11.09.2025: Releasing a new checkpoint for CasDiffMVS. Instead of finetuning DTU-pretrained model on BlendedMVS (a subset of BlendedMVG), we finetune it on BlendedMVG. The performance on benchmarks consistently improves without changing other hyper-parameters.

Method	T&T Intermediate	T&T Advanced	ETH3D Training	ETH3D Test
CasDiffMVS_MVG	66.14	42.00	77.79	85.99

Introduction

There always exists tradeoff between accuracy and efficiency. To find a better balance between quality and computation, we introduce diffusion model in Multi-View Stereo (MVS) for efficient and accurate reconstruction, and propose two methods, named DiffMVS and CasDiffMVS. Because of the high efficiency, impressive performance and lightweight structure, we hope that our methods can serve as new strong baselines for future research in MVS.

Specifically, we estimate a coarse initial depth map and refine it with a conditional diffusion model. Diffusion model learns depth prior and uses random noise to avoid local minima. Different from other diffusion models that start from pure random noise, we refine a coarse depth map with diffusion model, which explicitly reduces the sampling steps and increases stability w.r.t. random seeds. In addition, we design a lightweight diffusion network to improve both performance and efficiency.

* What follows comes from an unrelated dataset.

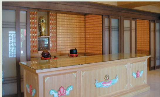
整建後莊嚴寬敞之榮靈祠

We compare the efficiency with previous methods on a same workstation with NVIDIA 2080Ti GPU and summarize the results as follows.

Quick Start

First, clone this repository and install the dependencies.

git clone https://github.com/cvg/diffmvs.git
cd diffmvs
pip install -r requirements.txt

Next, download checkpoints and unzip them.

Demo

Try the models with your images. First, place the images under images folder.

SCENE_DIR/
├── images/

Sparse reconstruction

We support VGGT and COLMAP to estimate camera poses and reconstruct sparse point cloud.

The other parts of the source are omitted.